**Task brief**
For the records below, output word for word the lines from the one with "2、在設(shè)置頁面中,點(diǎn" up to and including the one with "售价76.8~103.8万元 奔驰GLE级新车正式上市". No pictures.

*** Material provided Section Begins ***

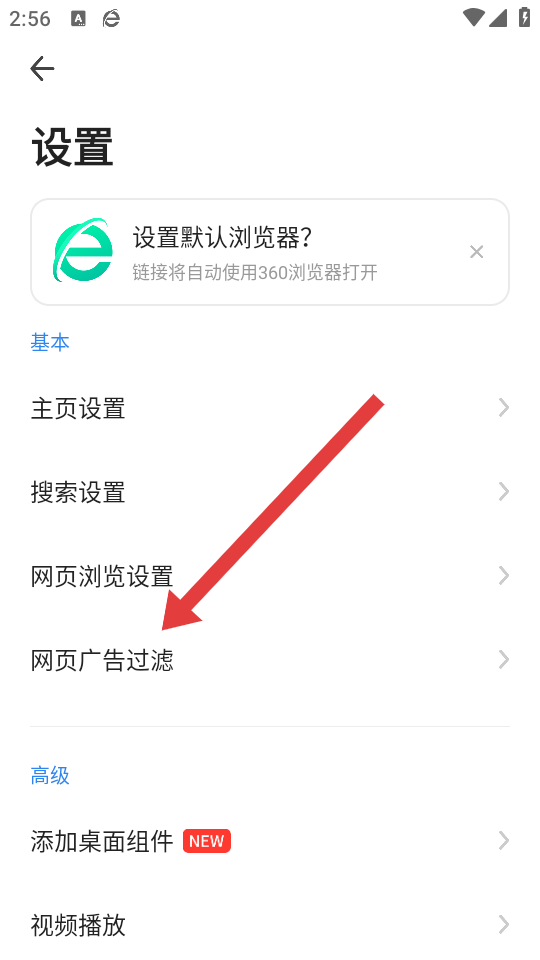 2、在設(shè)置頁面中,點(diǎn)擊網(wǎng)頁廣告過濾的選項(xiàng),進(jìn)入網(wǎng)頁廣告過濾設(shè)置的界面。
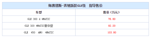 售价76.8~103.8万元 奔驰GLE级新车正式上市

*** Material provided Section Ends ***
*** Material provided Section Begins ***

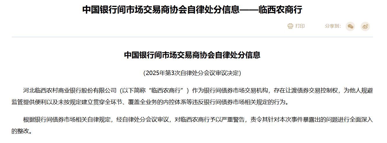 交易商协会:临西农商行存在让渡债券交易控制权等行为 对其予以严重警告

*** Material provided Section Ends ***

**Answer for the task**
 2、在設(shè)置頁面中,點(diǎn)擊網(wǎng)頁廣告過濾的選項(xiàng),進(jìn)入網(wǎng)頁廣告過濾設(shè)置的界面。
 售价76.8~103.8万元 奔驰GLE级新车正式上市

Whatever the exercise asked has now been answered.